Real World Parallelism Webinar Series
  • November 17, 2009
    Visual Effects for Animation - presented by DreamWorks Animation
    Speaker: Ron Henderson (Bio)

    Ron Henderson manages the FX Tools group at DreamWorks Animation, where he is responsible for developing physical simulation and procedural modeling tools. These systems have been used for key visual effects in recent films such as Kung Fu Panda and Monsters vs. Aliens (March 2009).
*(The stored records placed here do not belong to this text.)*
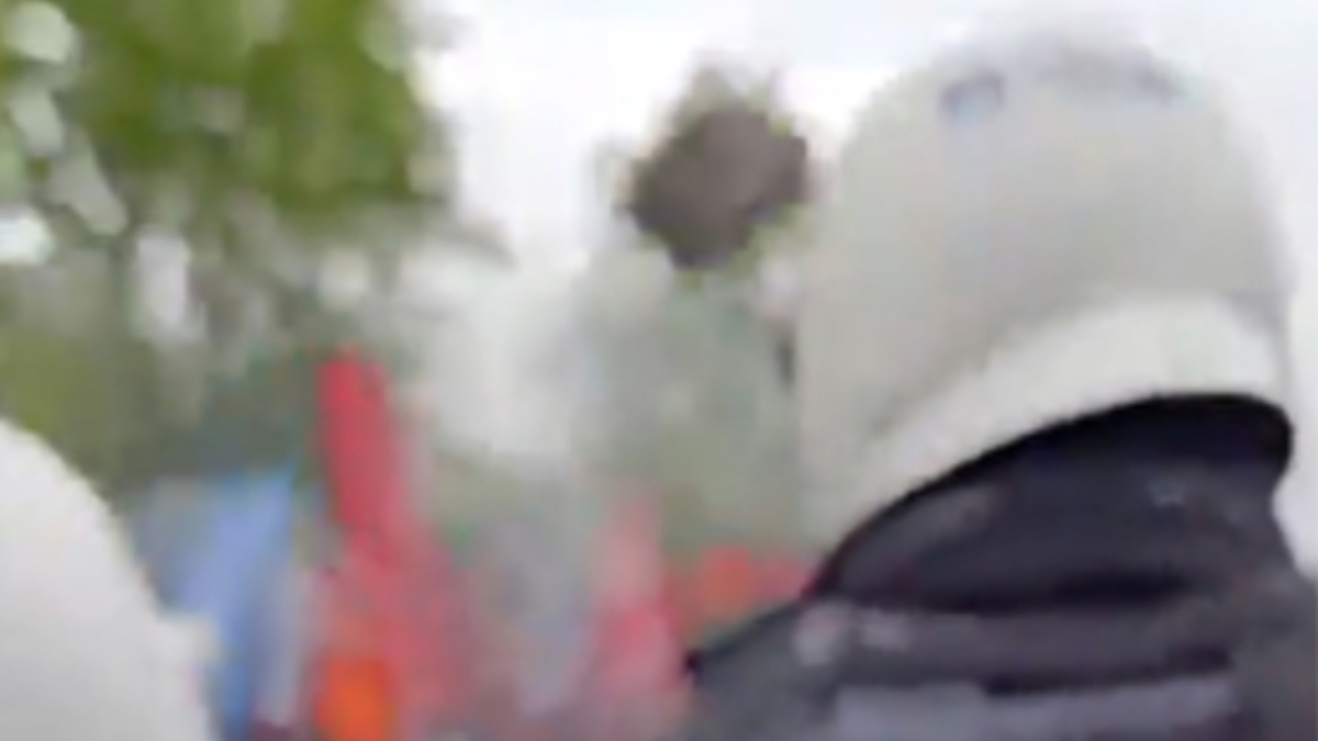 Kaldırım taşı isabet eden polis, kafasındaki kask sayesinde ölümden döndü.
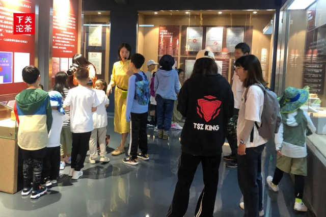▲夏令營(yíng)小朋友在參觀下關(guān)沱茶館
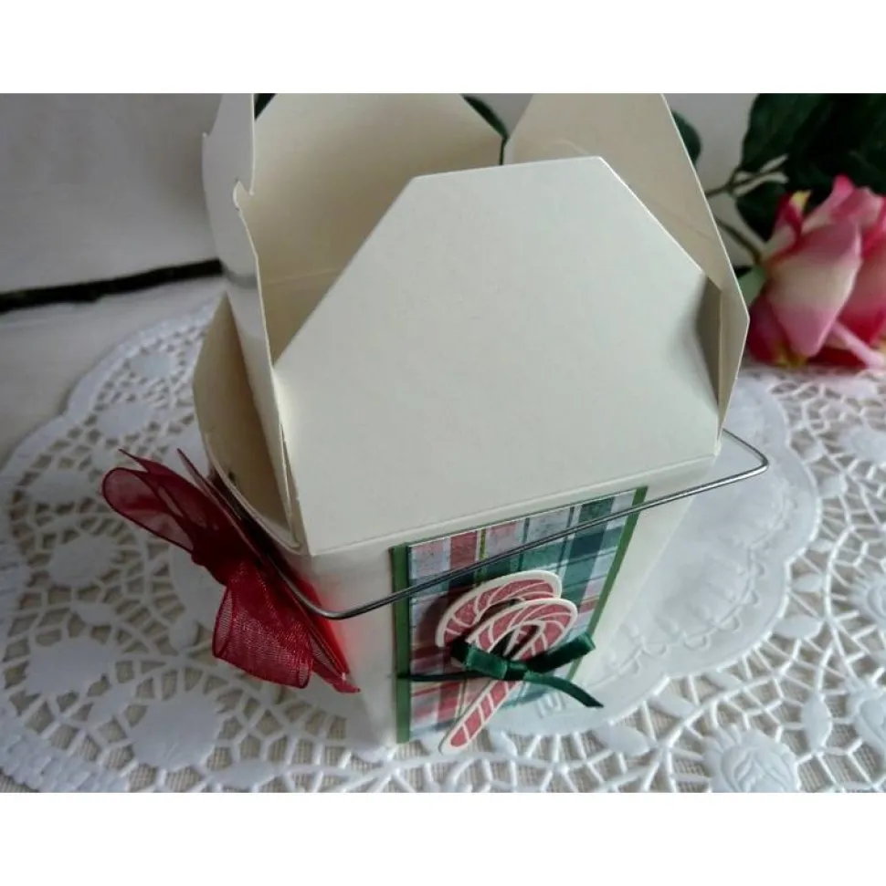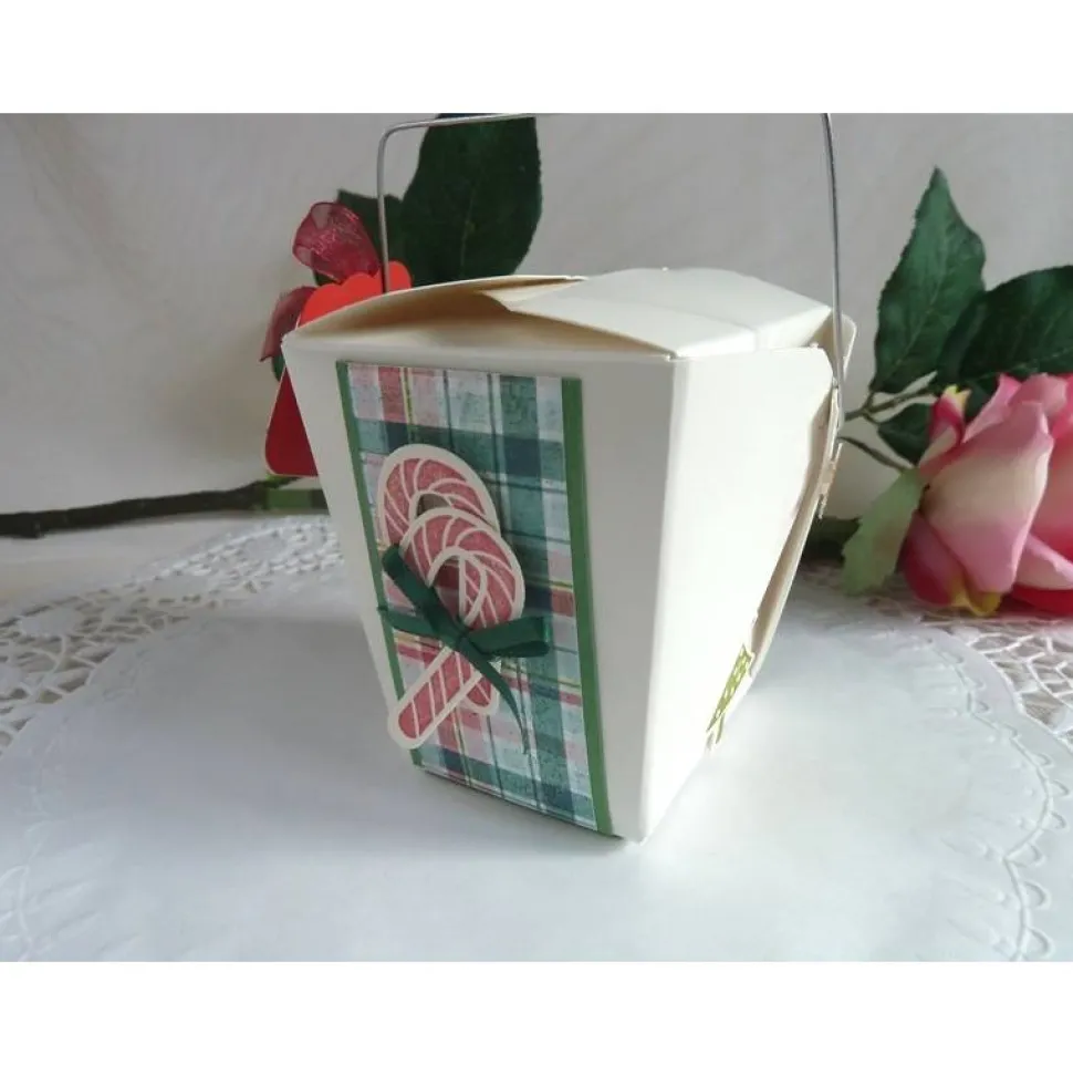 Takeoutbox, Tonkartion, Designerpapier, Stempelfarbe, Glitzerpapier, Organzaschleife

    Prior to joining DreamWorks in 2002 he was a senior scientist at Caltech with a joint appointment to the Applied Math and Aeronautics departments, where he worked on efficient techniques for the direct numerical simulation of fluid turbulence.

    Abstract:
    In this webinar, Ron Henderson will show examples of visual effects, from hair and feathers to smoke and fire, from a variety of DreamWorks Animation feature films. He will discuss in general terms the kinds of techniques used to achieve particular visual effects. Finally, Henderson will show a detailed breakdown of the dam-breaking scene from Madagascar: Escape 2 Africa, demonstrating how different elements of key frame animation, simulation, and rendering are combined in a real production shot.

  • December 1, 2009
    A Quick and Easy Way to Parallelize a Legacy Codebase with Intel® Threading Building Blocks (TBBs)
    Speaker: Bernard Laberge, Avid, Senior Principal Engineer (Bio)

    Bernard Laberge is a senior principal engineer in the video editors division at Avid. During his seven years with the company he has been actively involved in the replacement of the legacy video processing engines used by Avid editors with a common hardware-abstracted, component-based video processing engine currently running on the CPU with SIMD optimized code, GPU, and dedicated hardware.

    Abstract:
    Learn how to overcome the limitations of a thread-based scheduler, including dealing with the absence of recursive parallelism support and the inefficient handling of unbalanced processing load. Bernard Laberge addresses how Avid resolved the expensive refactoring of their thread-based scheduler into a task-based solution by choosing Intel® Threading Building Blocks (TBBs). He explores how Avid was able to easily integrate the Intel TBBs into their video editor applications and more than 5 million lines of code.

  • December 15, 2009
    How to Use Intel® Parallel Studio to Streamline Code Development in a Multicore Environment
    Speaker: Matt Dunbar, Director for Performance Technology, SIMULIA (Bio)

    Matt Dunbar is the director for performance technology at SIMULIA. Since joining the company in 1993, he has worked on parallelization of the Abaqus suite of products, initially for shared memory architectures and more recently for distributed memory architectures. Dunbar has also been intimately involved in selecting both the hardware and software tools used in the development of the Abaqus product line.

    Abstract:
    Resolve elusive, costly multithreading errors quickly and efficiently with Intel® Parallel Studio. While many coding problems that lead to bugs in software applications are typically straightforward logic errors, errors in managing memory and in multithreading code can sometimes take weeks to months to diagnose and fix. Matt Dunbar explores how and why taking advantage of multicore processors through multithreaded code is critical for compute-intensive applications. While spotlighting his work on SIMULIA's Abaqus finite element solver, Dunbar addresses the need for multicore execution and shares his experiences using Intel Parallel Studio to streamline code development in a multicore environment.